**Instructions for the task**
Repeat the data as given. Images do not go in the copy.

**Given material**
- - -
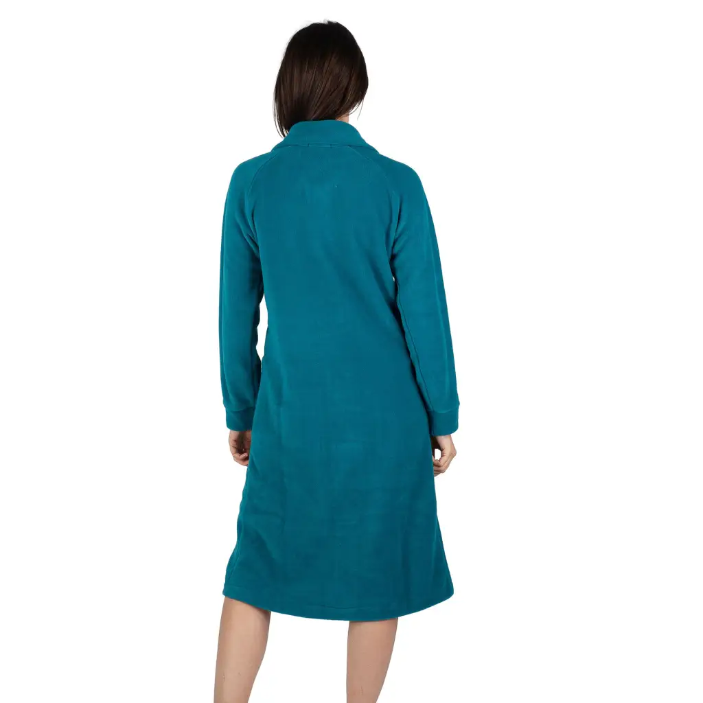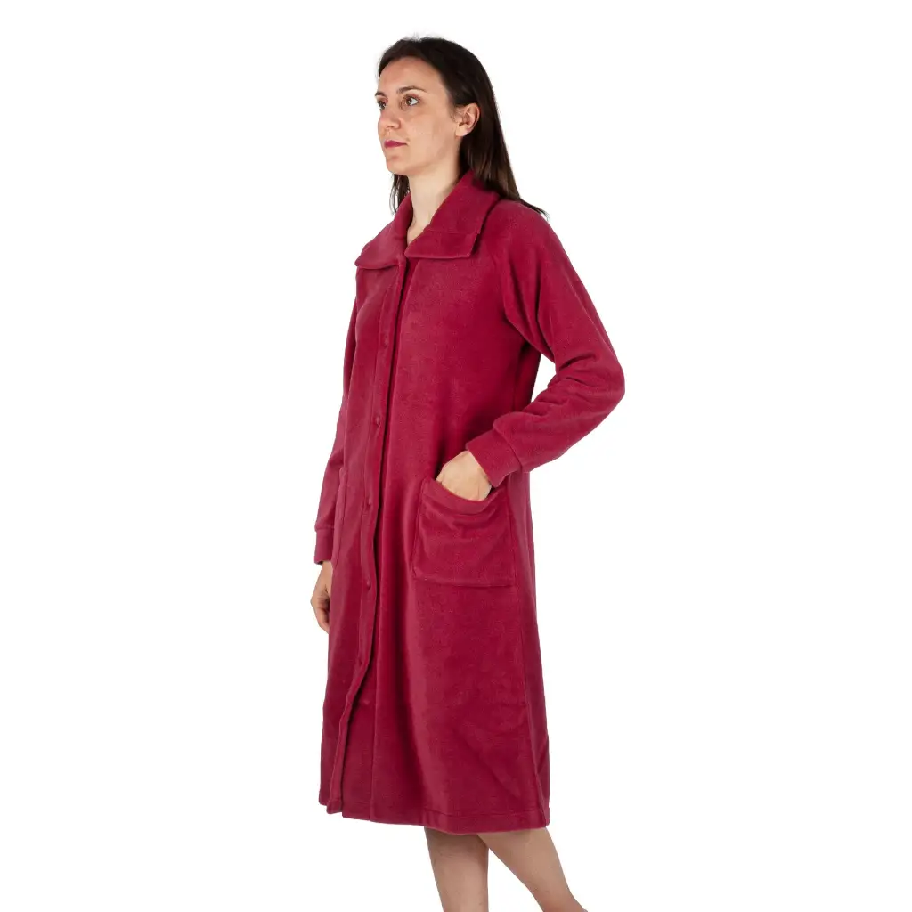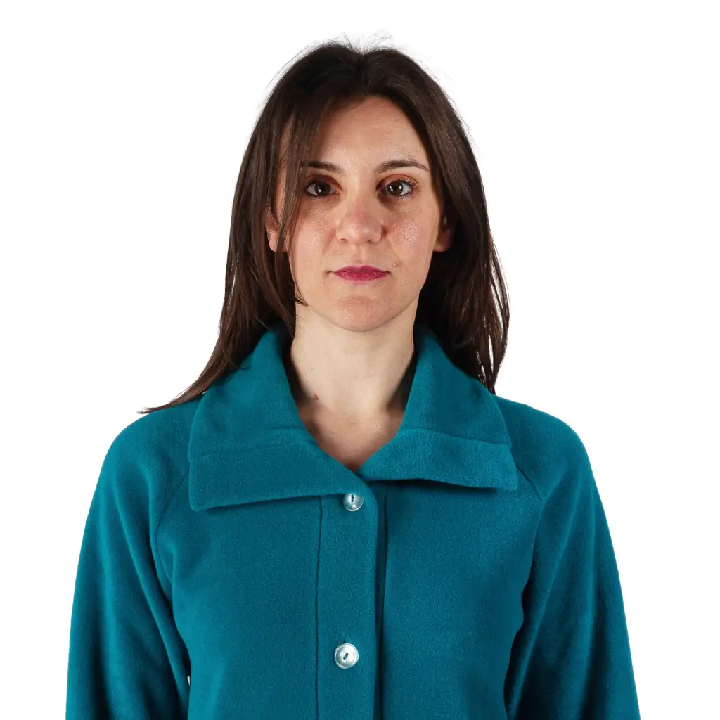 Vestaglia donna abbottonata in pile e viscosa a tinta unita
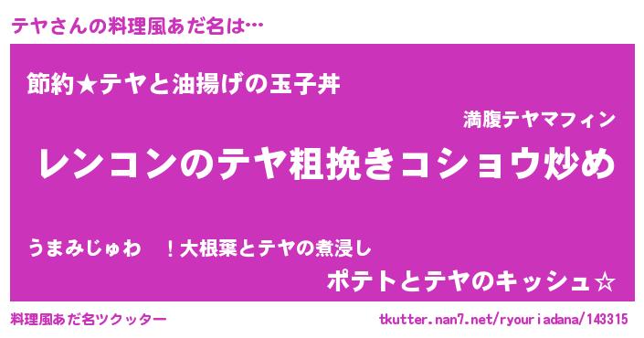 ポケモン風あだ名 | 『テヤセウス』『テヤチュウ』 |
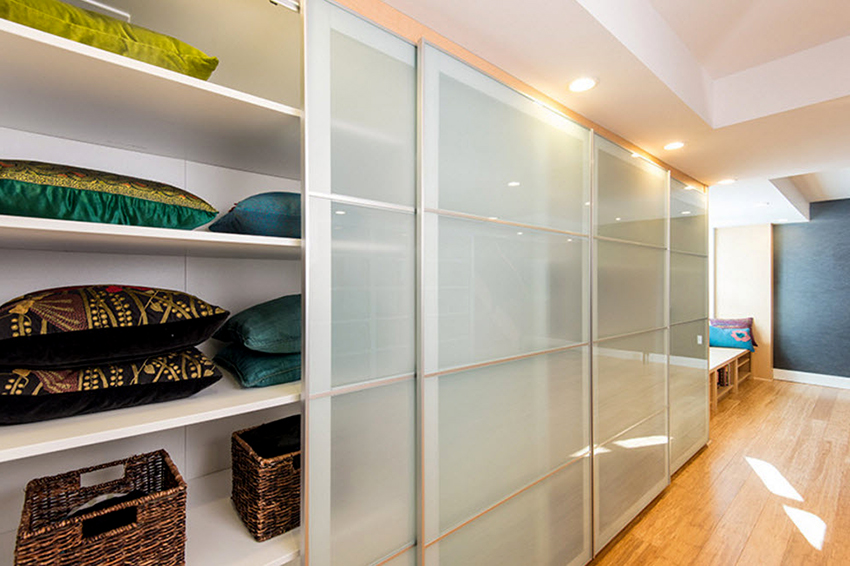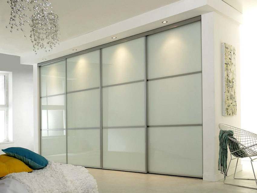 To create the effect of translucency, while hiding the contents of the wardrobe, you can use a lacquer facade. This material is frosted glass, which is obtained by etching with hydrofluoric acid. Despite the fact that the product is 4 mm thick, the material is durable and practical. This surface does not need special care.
- - -
**Answer space**
 Vestaglia donna abbottonata in pile e viscosa a tinta unita
 ポケモン風あだ名 | 『テヤセウス』『テヤチュウ』 |
 To create the effect of translucency, while hiding the contents of the wardrobe, you can use a lacquer facade. This material is frosted glass, which is obtained by etching with hydrofluoric acid. Despite the fact that the product is 4 mm thick, the material is durable and practical. This surface does not need special care.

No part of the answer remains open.